CAMDEN (AP) – Newcomers to Maine’s midcoast region have achieved population parity with natives and are on track to outnumber them within five to 10 years, according to a recent survey.

Because the two groups often have divergent values and attitudes, the demographic shift can affect decisions regarding development, land use and transportation, said Evan Richert, a former director of the State Planning Office.

Richert, now associate research professor of planning, development and environment at the University of Maine’s Muskie School of Public Service, spoke Thursday night at the annual meeting of the Friends of Mid-Coast Maine, a planning and anti-sprawl advocacy group.

His statistics came from a telephone survey of 521 year-round residents in 21 municipalities that make up the U.S. Route 1 corridor from Brunswick to Prospect. The survey was conducted as part of the Department of Transportation’s Gateway 1 initiative, a push to develop a kind of comprehensive plan for the region.

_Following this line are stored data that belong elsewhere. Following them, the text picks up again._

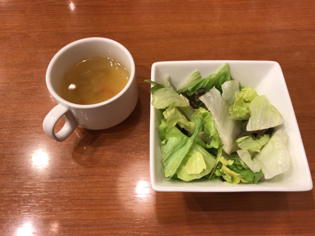 最初にスープとサラダが運ばれてきました。サラダは一回に限りお代わりが自由です。
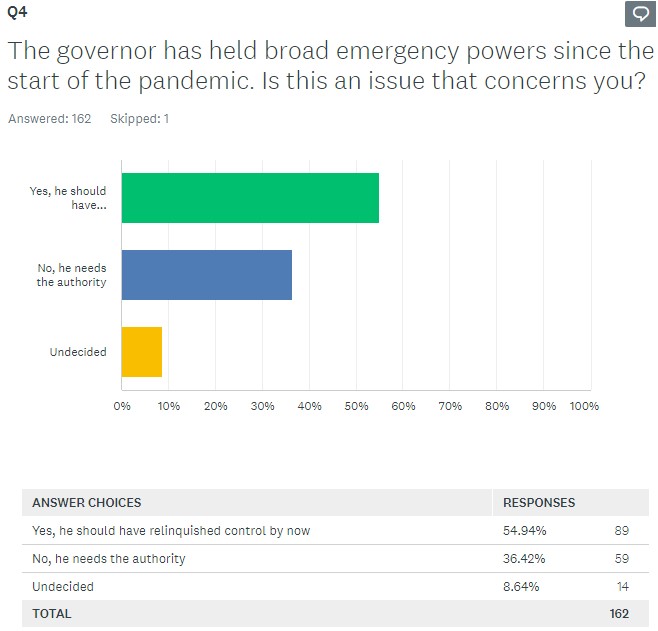 Q4 The Governor has held broad emergency powers since the start of the pandemic. Is this an issue that concerns you?
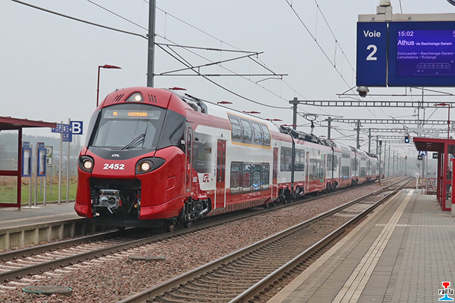 Neuer CFL - Elektrotriebwagen 2452 im Bahnhof von Luxemburg, fährt nach Athus. Photo: 19.01.2026 Hans de Rond)
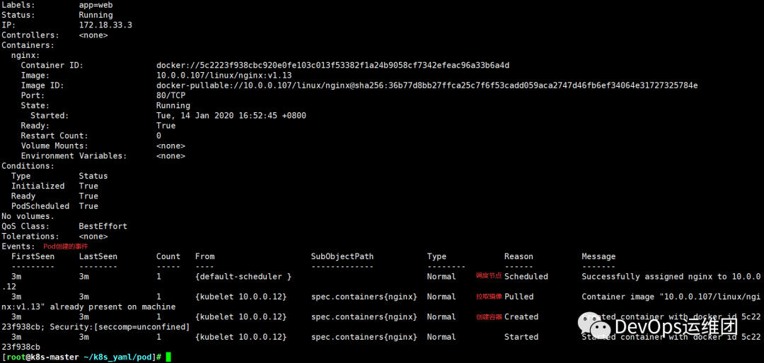 当我们发现某个Pod迟迟无法创建时,我们就可以用kubectl describe pod [Pod名称]
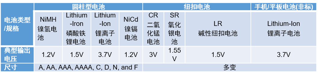 图片1展示了常见的一些电池类型,包括圆柱型电池,纽扣电池和手机/平板电池(非标)。

In-migrants already outnumber native-born Mainers by nearly 2-1 in some parts of the corridor, including the Rockport-Camden-Lincolnville-Northport area, Richert said, with communities several miles inland likely showing very different population breakdowns.

The survey showed a sharp divide between the two groups in terms of formal education, Richert said, with 70 percent of newcomers and only 30 percent of natives holding college degrees.

“What formal level of educational attainment does often dictate is earning power and degree of economic opportunity, and ultimately income,” he said.

Richert suggested that income is a key determinant in shaping attitudes toward land use and transportation questions.

“Those with earning power and income and financial security simply have more options than those who do not have the same earning power and income and financial security,” he said.

Natives tend to view family farms, wood lots, businesses or Route 1 land as assets that could be converted to cash when the time is right, Richert said, while in-migrants who have settled in the midcoast because of its “spectacular character” may place a priority in protecting it from development.

The survey found that about two-thirds of natives think they should be able to use their land as they see fit, while only 40 percent of newcomers agree.